29 de Fevereiro de 2020

Falta de combustível para navios causa prejuízos e atrasos no Porto de Santos

Greve é apontada como causa do problema, que força abastecimento de cargueiros em outros portos

Usuários do Porto de Santos denunciam problemas no abastecimento de cargueiros. Segundo o Sindicato das Agências de Navegação Marítima do Estado de São Paulo (Sindamar), o volume de combustível vem sendo fornecido pela metade às embarcações, o que força a partida para abastecimento em outros portos e prejuízos. A greve dos petroleiros pode ser a causa do problema.

A categoria parou no último dia 1º. Segundo o Sindicato dos Petroleiros do Litoral Paulista (Sindipetro), cerca de 20 mil trabalhadores estão mobilizados. São 40 plataformas, 18 terminais, 11 refinarias e mais outras 20 unidades operacionais e três bases administrativas com trabalhadores em greve por todo o país.

No Porto de Santos, os cargueiros não estão recebendo todo o combustível solicitado. Apenas os navios de passageiros estão recebendo bunker conforme solicitado. 

Segundo as agências de navegação, há informações de que navios que solicitaram abastecimento de 1 mil ou 1,2 mil toneladas estão sendo abastecidos com metade deste volume. 
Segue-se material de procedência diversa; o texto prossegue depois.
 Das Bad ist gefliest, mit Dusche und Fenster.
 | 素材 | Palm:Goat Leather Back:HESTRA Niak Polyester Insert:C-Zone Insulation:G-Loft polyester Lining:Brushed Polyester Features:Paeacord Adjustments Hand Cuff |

“Há navios que saíram para abastecimento no Rio de Janeiro e África do Sul. No porto de Paranaguá [PR], há uma resistência de abastecer navios saindo de Santos, talvez para não agravar o problema localmente no fornecimento de combustível para os navios escalando naquele porto”, destacou o diretor-executivo do Sindamar, José Roque. 

Em um caso relatado pelas agências marítimas, um navio ficou 12 horas atracado, enquanto aguardava abastecimento. Apenas neste caso, o prejuízo chegou a US$ 150 mil, o equivalente a R$ 646,5 mil. Os custos poderiam ser ainda maiores, caso fosse necessária uma mudança de berços, já que ainda se somariam custos adicionais com praticagem e rebocadores em uma nova atracação.
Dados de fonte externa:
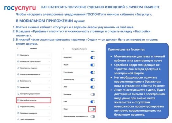 Настройка получения судебных извещений в личном кабинете «Госуслуги» позволяет гражданам получать уведомления о судебных процессах в электронном виде, что значительно упрощает их взаимодействие с судебной системой.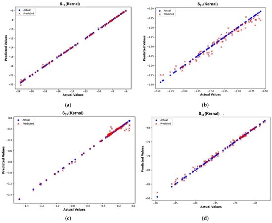 Actual vs. predicted values obtained from the kernel-based XGBoost direct ML model. (a) S11. (b) S21. (c) S33. (d) S43.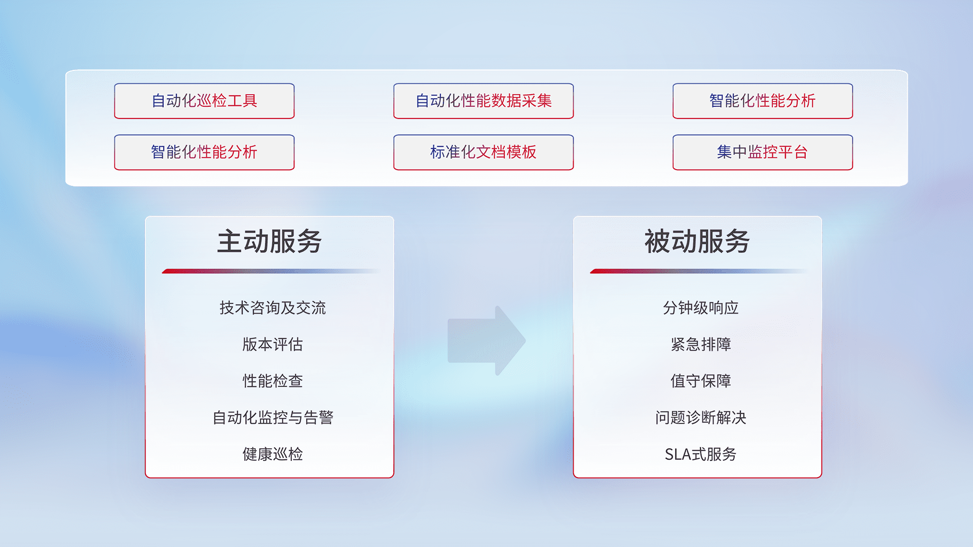 智能化工具和标准化文档,,保障服务质量,,,,提供主动服务(包含技术咨询、、、版本评估、、、、性能检查、、、、自动化监控与告警、、、、健康巡检)和被动服务包含(分钟级响应、、、、紧急排障、、值守保障、、问题诊断解决、、SLA服务)。。。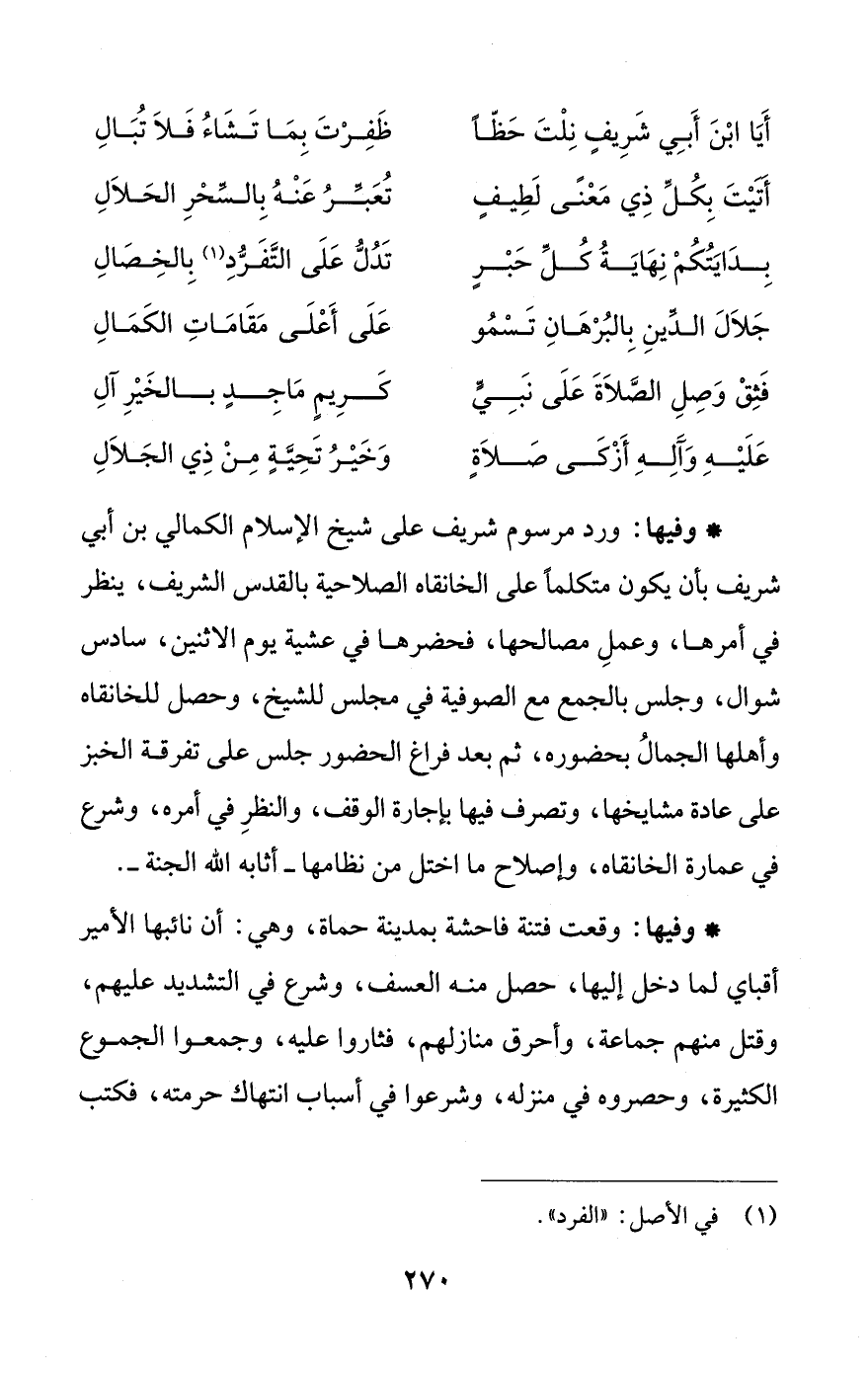 جَلاَلَ الدِّينِ بِالبُرْهَانِ تَسْمُو ... عَلَى أَعْلَى مَقَامَاتِ الكَمَالِ

“Outra embarcação que não possui combustível suficiente para alcançar o próximo porto, a Petrobras prometeu abastecer com uma quantidade suficiente somente para completar a próxima escala”, destacou o executivo do Sindamar. 
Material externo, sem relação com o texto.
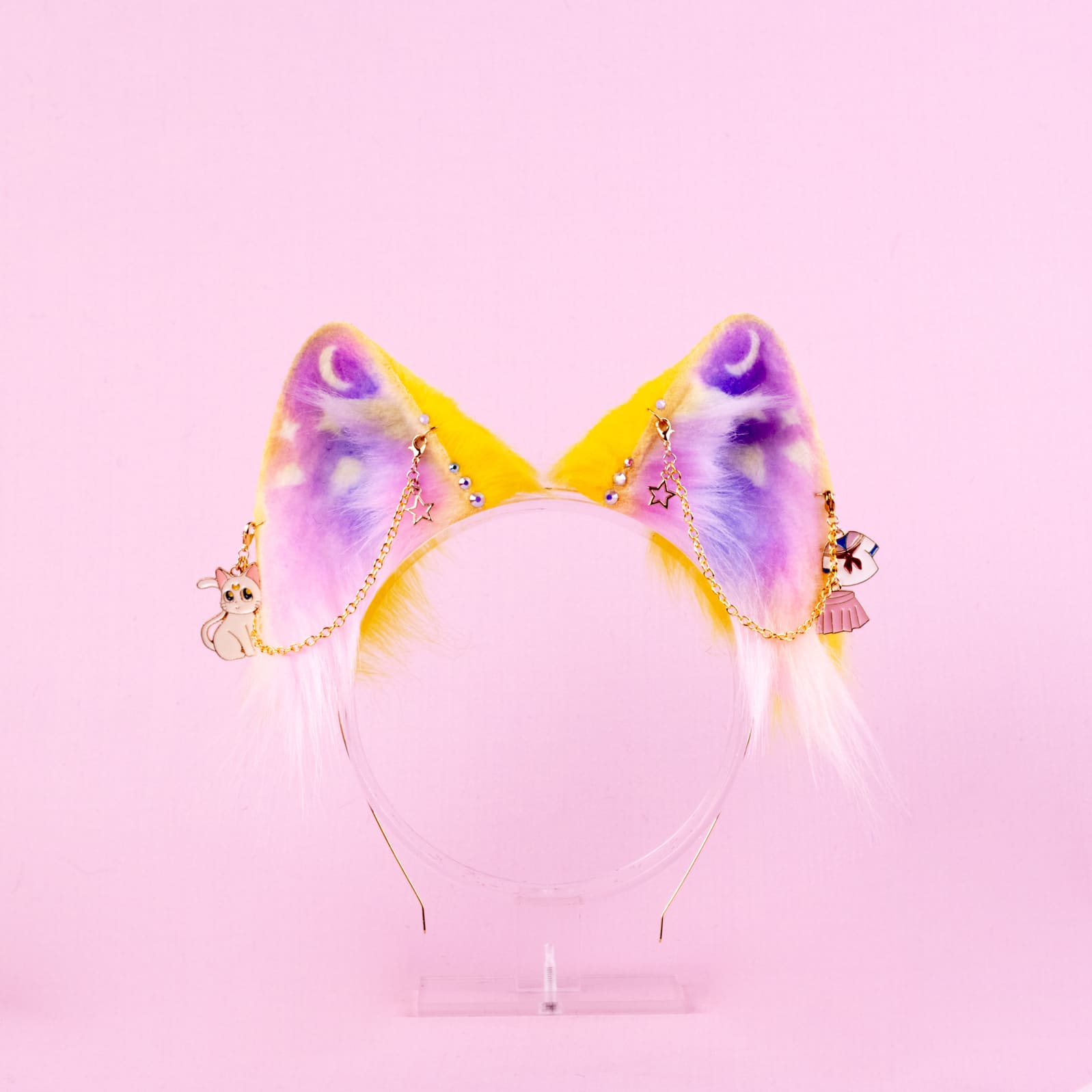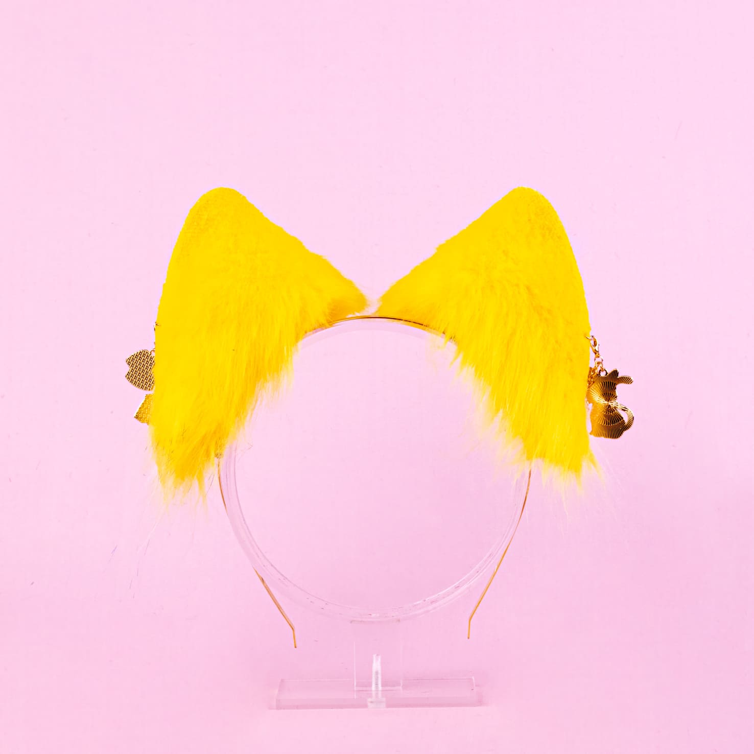 Yellow foxy ears, approximately 3 inches, decorated with airbrushing, piercing, rhinestones, chains and themed pendants. Ears are fully wired and posable on a metal headband. Made of luxury quality faux fur and crystals.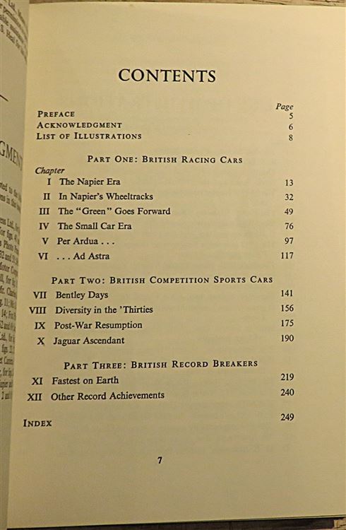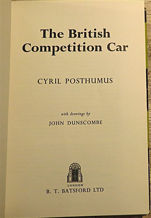 Hardback First Edition. A good copy with pictorial dust jacket over green cloth boards. The dust jacket is a little worn especially to the extremities with tape repair to the underside. The cloth boards are a little discoloured in places although present well. There is the occasional foxing to the margins, however the pages remain fairly clean throughout. Illustrated with several black and white photographic images. pp. 256. The author, one of the most respected authorities on the subject, starts with the Napier and continues with Wolseley "Beetles", early Vauxhall, Sunbeam, Bentley, ERA and post war the Connaughts, BRM, Aston Martin, Jaguar, Vanwall & the Cooper.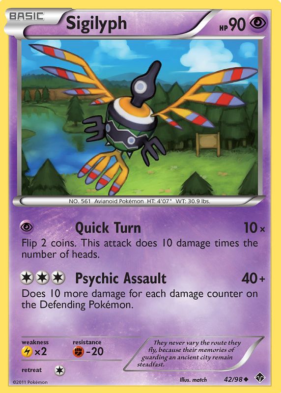 The Sigilyph 2011 Black & White: Emerging Powers #42/98 Base card in Raw TCG (Near Mint) condition has not changed in price in the last 30 days and was last sold for $1.11 .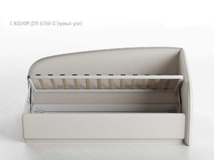 Одним движением руки Вы можете превратить кровать в диван! Закажите вместе с кроватью декоративный чехол на матрас к кровати Amelia из мебельной ткани (чехол приобретается отдельно, стоимость уточняйте у наших менеджеров), уберите постельное бельё в просторный ящик и вуаля — перед вами удобный и компактный угловой диван (особенно актуально для детских комнат или гостиных).
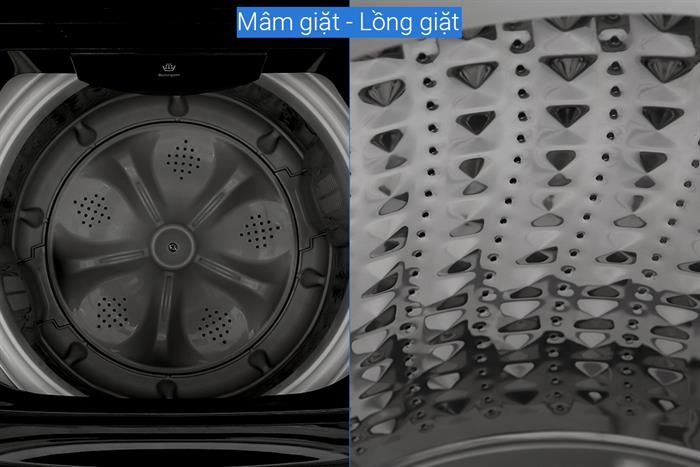 - Lồng giặt bằng thép không gỉ, có tính thẩm mỹ cao, hạn chế mảng bám, vi khuẩn tích tụ.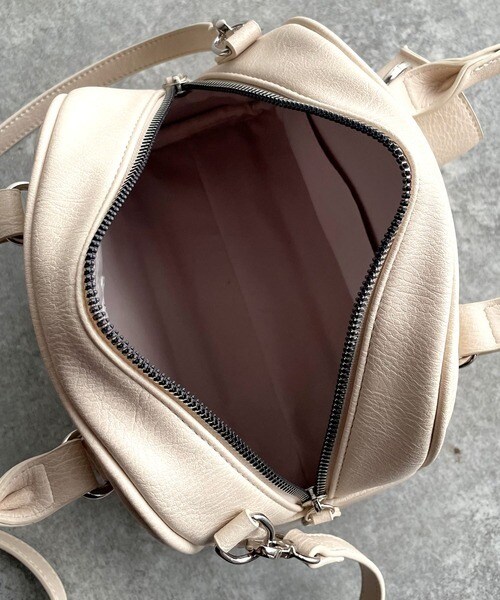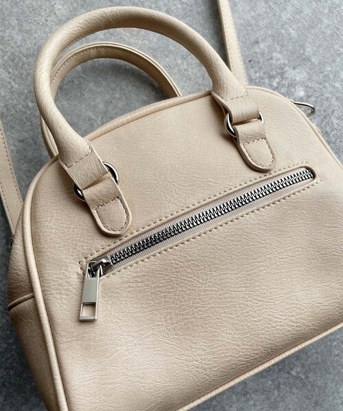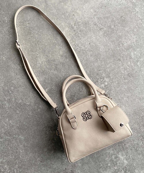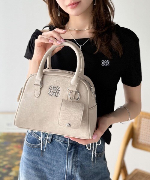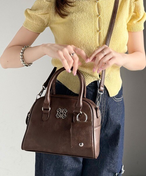 【mily bilet】どんなスタイルにもちょうどいい♪ロゴプレート使いラウンドミニボストンバッグ

O executivo ainda aponta que um cargueiro aguarda desde terça-feira por abastecimento. Há também uma embarcação que concluirá hoje sua descarga de trigo e precisa de 400 toneladas de bunker. Porém, não há previsão de recebimento do combustível. 

“A temporada de cruzeiros só aumenta a preocupação no abastecimento, já que o número de escalas de navios se elevou e se a greve perdurar por mais tempo poderá provocar um caos, mesmo diante de um plano de contingência adotado em suas unidades operacionais. Como a produção de derivados é um serviço essencial, poderá haver escassez do produto, e a sua falta afetará a cadeia logística de comércio exterior”, afirmou Roque.

Transpetro

Procurada, a Transpetro negou dificuldades no serviço. “Houve um problema pontual no abastecimento de navios que já foi regularizado e o fornecimento encontra-se normalizado”.

Mas, segundo trabalhadores, é possível que haja uma política de preservação de estoque de combustíveis, uma vez que o contingente mínimo de mão de obra vem sendo cumprido no terminal da Alemoa.

Roque relembra que, a última greve, que perdurou mais de um mês, trouxe consequências para o setor portuário. Segundo ele, alguns navios com saída direta para Europe e Ásia permaneceram aguardando abastecimento, ocupando o berço e pagando pela inoperância das operações, além dos prejuízos causados aos armadores.
 
“Esse quadro é muito preocupante e insustentável na medida que a greve se estende, já que poderá causar impactos negativos na produção de petróleo, gás natural e seus derivados, o que acabará afetando até o abastecimento interno, como ocorreu da última vez”, destacou Roque.